Inheritance Tax (IHT) in the United Kingdom is a tax on the estate (the property, money, and possessions) of someone who has passed away.

It may also apply to certain gifts made during a person’s lifetime.

The Tax is often labelled as the most hated one of them all.

You pay tax all of your life, and then they come for you in the grave.

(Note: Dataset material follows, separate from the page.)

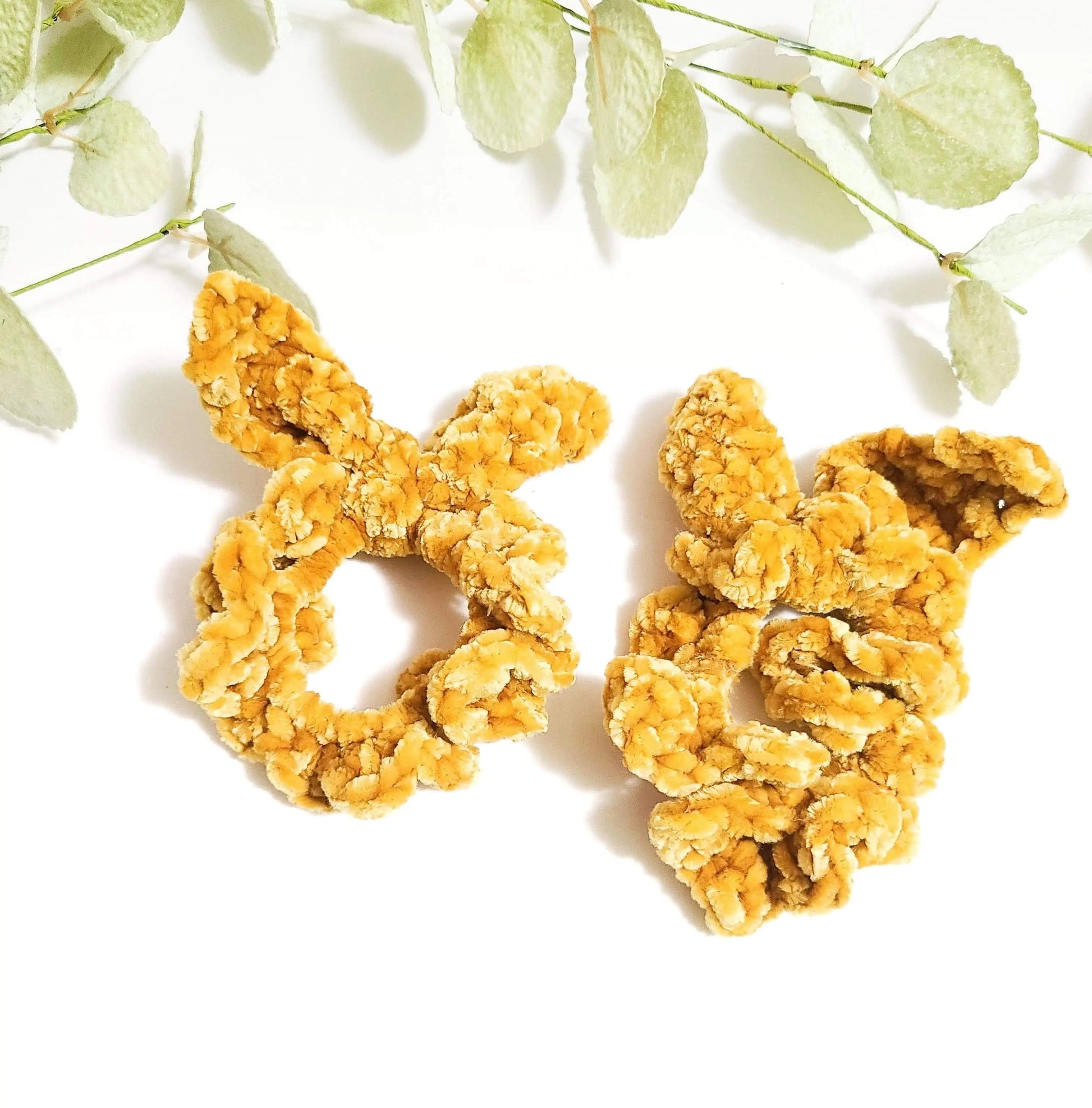 Get that hair up and let your neck feel the breeze with a soft velvet scrunchie! This hair tie is made handmade crochet around a sturdy elastic hair tie. Now that doesn't mean pull it until it pops because it will pop if you try but this hair tie will put up a good fight. It is made from tough, stretchy elastic and reinforced. So don't worry about this hair tie having a loose grip, you can usually tie around twice depending on how thick your hair is! This unique accessory includes two velvet scrunchies of your choice. Lovely color options are available! There is bunny ear effect on these hair ties, but if you don't like it then you are able to remove it by undoing the bunny knot!

It doesn’t seem that fair to a lot of people.

However, there is no certainty in life apart from death and taxes and this links to two.

Last year the HMRC pulled in a staggering £7.1 billion in IHT, up £1 billion from the 2021/22 tax year.

This represents an increase of 16 per cent from the £6.1 billion raised in tax in the previous year.

Who doesn’t pay Inheritance Tax?

The outcry about the tax is perhaps louder than it needs to be.

There’s normally no Inheritance Tax to pay if either:

  • The value of your estate is below the £325,000 threshold
  • You leave everything above the £325,000 threshold to your spouse, civil partner, a charity or a community amateur sports club

Who does pay IHT?

The standard Inheritance Tax rate is 40%. It’s only charged on the part of your estate that’s above the threshold.

Well, only 4 per cent of estates paid IHT in 2020-21, but it is thought that this figure could rise to over 7 per cent over the forthcoming decade.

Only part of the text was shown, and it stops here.